## [WORK ORDER]
Transcribe each line below verbatim; pictures excluded.

[DATA EXTRACT Boundary: Start]

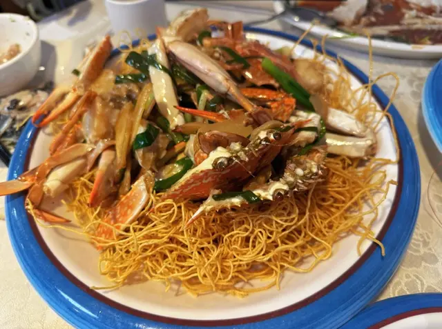 -蟹肉剛斷生,腿肉仍保持著半透明的質感炒麵外層爽脆微焦
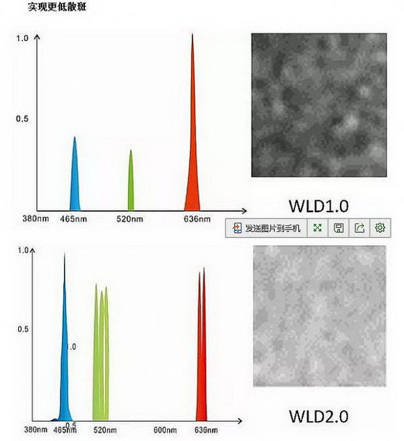 和2.0比较,3.0方案会在继承2.0技术框架的基础上,进一步改良激光光源的选择和白光耦合技术。在散斑抑制和色域指标上有崭新的突破。据消息称,WLD3.0的散斑抑制渴望接近媲美传统汞灯光源的水平。而在色域指标上,更为宽广的红色、绿色,乃至于黄色表现,将让顶级投影机和电影放映效果更上一层楼。
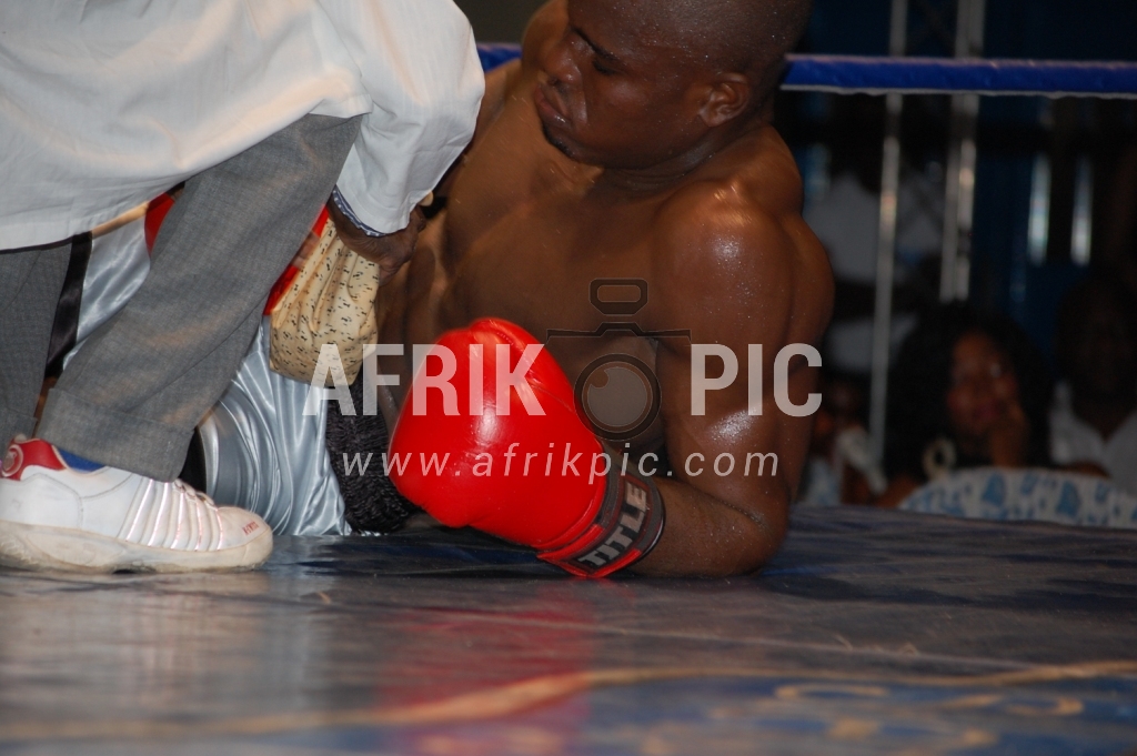 Un boxeur est sonné après un combat au Shark Club de Kinshasa

[DATA EXTRACT Boundary: End]

## [RESULT BELOW]
 -蟹肉剛斷生,腿肉仍保持著半透明的質感炒麵外層爽脆微焦
 和2.0比较,3.0方案会在继承2.0技术框架的基础上,进一步改良激光光源的选择和白光耦合技术。在散斑抑制和色域指标上有崭新的突破。据消息称,WLD3.0的散斑抑制渴望接近媲美传统汞灯光源的水平。而在色域指标上,更为宽广的红色、绿色,乃至于黄色表现,将让顶级投影机和电影放映效果更上一层楼。
 Un boxeur est sonné après un combat au Shark Club de Kinshasa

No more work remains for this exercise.